GNU General Public License v3.0

780 stars 165 forks source link

Transcripts dropped while indexing #132

Closed mdshw5 closed 7 years ago

mdshw5 commented 7 years ago

I'm running into an issue with Salmon 0.8.2 where I've prepared a two FASTA files for indexing:

grep -A1 ENST00000244174.10_PAR_Y transcriptsA.fasta                                       
>ENST00000244174.10_PAR_Y
AGCAGCTCTGTAATGCGCTTGTGGTTTCAGATGTGGGCGGCCTGT
...
grep -A1 ENST00000244174.10_PAR_Y transcriptsB.fasta                                       
>ENST00000244174.10_PAR_Y
AGCAGCTCTGTAATGCGCTTGTGGTTTCAGATGTGGGCGGCCTGT
...

The above is just an example showing that, while the files contain different transcripts, there are transcripts that are shared in common between the two.

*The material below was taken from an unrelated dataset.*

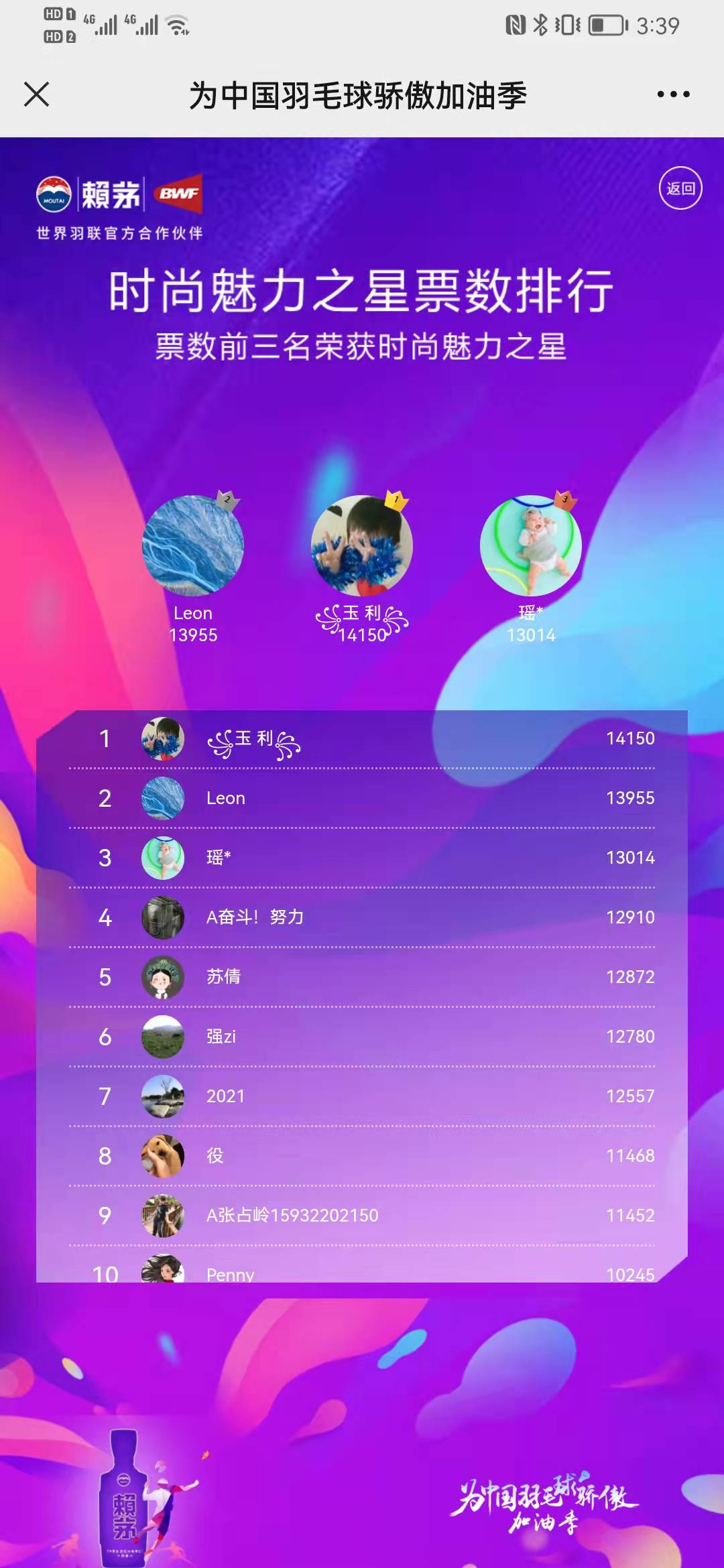2021年世界羽毛球锦标赛于12月19日晚在西班牙韦尔瓦完美收官,五项冠军被四个队伍瓜分,在一众战将的奋力拼搏下,国羽斩获1金1银2铜佳绩。而随着2021年度羽球重磅赛事完结,世界羽联官方合伙伙伴赖茅发起的“为中国羽毛球骄傲加油季”活动也完美收官,一众球迷或竞猜为国羽鼓劲助威,或用实际行动晒出自己的羽球风采为国羽加油打气,赢得赖茅好礼的幸运用户名单也火热出炉。

Now, I index these files, passing the options: --type quasi --perfectHash

After indexing, one of the indices has the transcript and the other does not:

grep ENST00000244174.10_PAR_Y transcriptsA/salmon/txpInfo.bin 
Binary file transcriptsA/salmon/txpInfo.bin matches

grep ENST00000244174.10_PAR_Y transcriptsB/salmon/txpInfo.bin

The transcripts that are dropped do not seem strange in any way (no excessive polyA and normal length). Is it expected behavior for salmon to drop transcripts during indexing?

Thanks!

rob-p commented 7 years ago

Hi @mdshw5,

Nope; absolutely not expected behavior (if the transcripts are of sufficient length); thanks for reporting this! Does this only happen for you under the perfectHash option? I'd be happy to take a look if there is an easy way to get the same base txome.

rob-p commented 7 years ago

Hi @mdshw5,

I'm still interested in trying to figure out what might be going on here; any updates?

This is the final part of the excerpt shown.